[<prev] [next>] [<thread-prev] [thread-next>] [day] [month] [year] [list]
Message-ID: <Zs+ZK6Q2U9dm19yR@ghost>
Date: Wed, 28 Aug 2024 14:39:55 -0700
From: Charlie Jenkins <charlie@...osinc.com>
To: "Liam R. Howlett" <Liam.Howlett@...cle.com>
Cc: Arnd Bergmann <arnd@...db.de>, Paul Walmsley <paul.walmsley@...ive.com>,
Palmer Dabbelt <palmer@...belt.com>,
Albert Ou <aou@...s.berkeley.edu>,
Catalin Marinas <catalin.marinas@....com>,
Will Deacon <will@...nel.org>,
Michael Ellerman <mpe@...erman.id.au>,
Nicholas Piggin <npiggin@...il.com>,
Christophe Leroy <christophe.leroy@...roup.eu>,
Naveen N Rao <naveen@...nel.org>,
Muchun Song <muchun.song@...ux.dev>,
Andrew Morton <akpm@...ux-foundation.org>,
Vlastimil Babka <vbabka@...e.cz>,
Lorenzo Stoakes <lorenzo.stoakes@...cle.com>,
Thomas Gleixner <tglx@...utronix.de>,
Ingo Molnar <mingo@...hat.com>, Borislav Petkov <bp@...en8.de>,
Dave Hansen <dave.hansen@...ux.intel.com>, x86@...nel.org,
"H. Peter Anvin" <hpa@...or.com>,
Huacai Chen <chenhuacai@...nel.org>,
WANG Xuerui <kernel@...0n.name>,
Russell King <linux@...linux.org.uk>,
Thomas Bogendoerfer <tsbogend@...ha.franken.de>,
"James E.J. Bottomley" <James.Bottomley@...senpartnership.com>,
Helge Deller <deller@....de>,
Alexander Gordeev <agordeev@...ux.ibm.com>,
Gerald Schaefer <gerald.schaefer@...ux.ibm.com>,
Heiko Carstens <hca@...ux.ibm.com>,
Vasily Gorbik <gor@...ux.ibm.com>,
Christian Borntraeger <borntraeger@...ux.ibm.com>,
Sven Schnelle <svens@...ux.ibm.com>,
Yoshinori Sato <ysato@...rs.sourceforge.jp>,
Rich Felker <dalias@...c.org>,
John Paul Adrian Glaubitz <glaubitz@...sik.fu-berlin.de>,
"David S. Miller" <davem@...emloft.net>,
Andreas Larsson <andreas@...sler.com>,
Shuah Khan <shuah@...nel.org>,
Alexandre Ghiti <alexghiti@...osinc.com>,
linux-arch@...r.kernel.org, linux-kernel@...r.kernel.org,
Palmer Dabbelt <palmer@...osinc.com>,
linux-riscv@...ts.infradead.org,
linux-arm-kernel@...ts.infradead.org, linuxppc-dev@...ts.ozlabs.org,
linux-mm@...ck.org, loongarch@...ts.linux.dev,
linux-mips@...r.kernel.org, linux-parisc@...r.kernel.org,
linux-s390@...r.kernel.org, linux-sh@...r.kernel.org,
sparclinux@...r.kernel.org, linux-kselftest@...r.kernel.org
Subject: Re: [PATCH 00/16] mm: Introduce MAP_BELOW_HINT
On Wed, Aug 28, 2024 at 01:59:18PM -0700, Charlie Jenkins wrote:
> On Wed, Aug 28, 2024 at 02:31:42PM -0400, Liam R. Howlett wrote:
> > * Charlie Jenkins <charlie@...osinc.com> [240828 01:49]:
> > > Some applications rely on placing data in free bits addresses allocated
> > > by mmap. Various architectures (eg. x86, arm64, powerpc) restrict the
> > > address returned by mmap to be less than the maximum address space,
> > > unless the hint address is greater than this value.
> >
> > Wait, what arch(s) allows for greater than the max? The passed hint
> > should be where we start searching, but we go to the lower limit then
> > start at the hint and search up (or vice-versa on the directions).
> >
>
> I worded this awkwardly. On arm64 there is a page-table boundary at 48
> bits and at 52 bits. On x86 the boundaries are at 48 bits and 57 bits.

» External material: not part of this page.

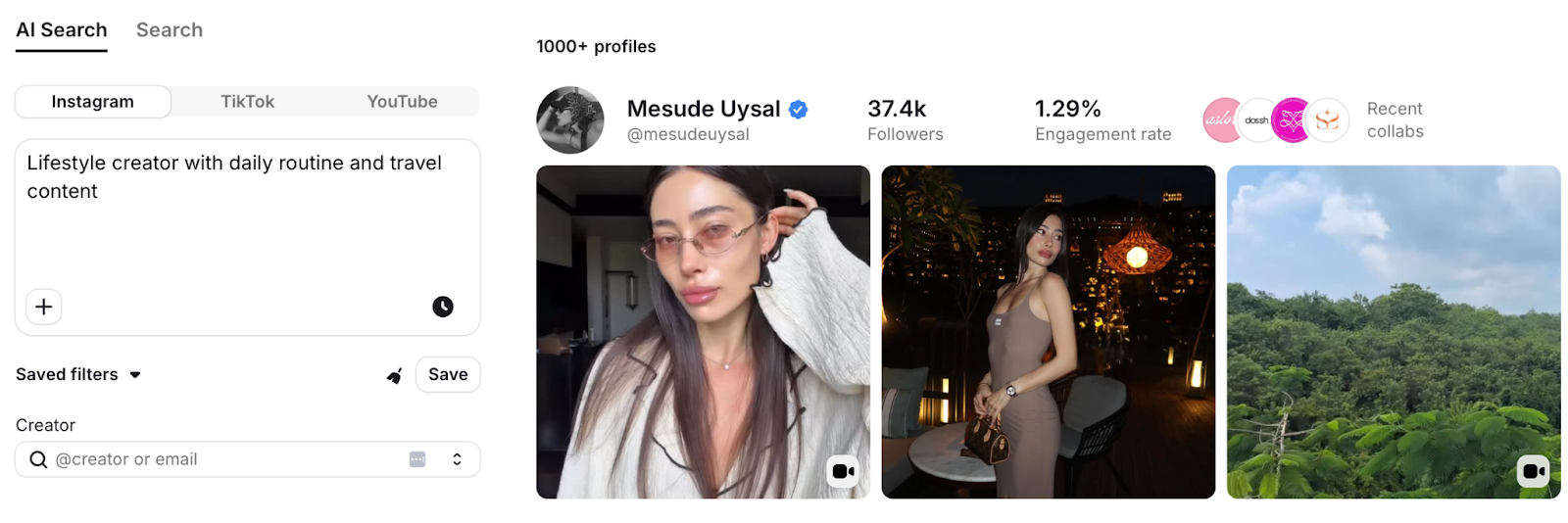 Or use our AI Search tool to find creators based on the images and videos they post, not just the captions and hashtags they write. Give us a natural language query like âlifestyle creator with daily routine and travel contentâ and weâll use our knowledge of influencer content â based on analyzing literally billions of social posts â to surface all the relevant accounts on Insta, TikTok, and YouTube.

> The max value mmap is able to return on arm64 is 48 bits if the hint
> address uses 48 bits or less, even if the architecture supports 5-level
> paging and thus addresses can be 52 bits. Applications can opt-in to
> using up to 52-bits in an address by using a hint address greater than
> 48 bits. x86 has the same behavior but with 57 bits instead of 52.
>
> This reason this exists is because some applications arbitrarily replace
> bits in virtual addresses with data with an assumption that the address
> will not be using any of the bits above bit 48 in the virtual address.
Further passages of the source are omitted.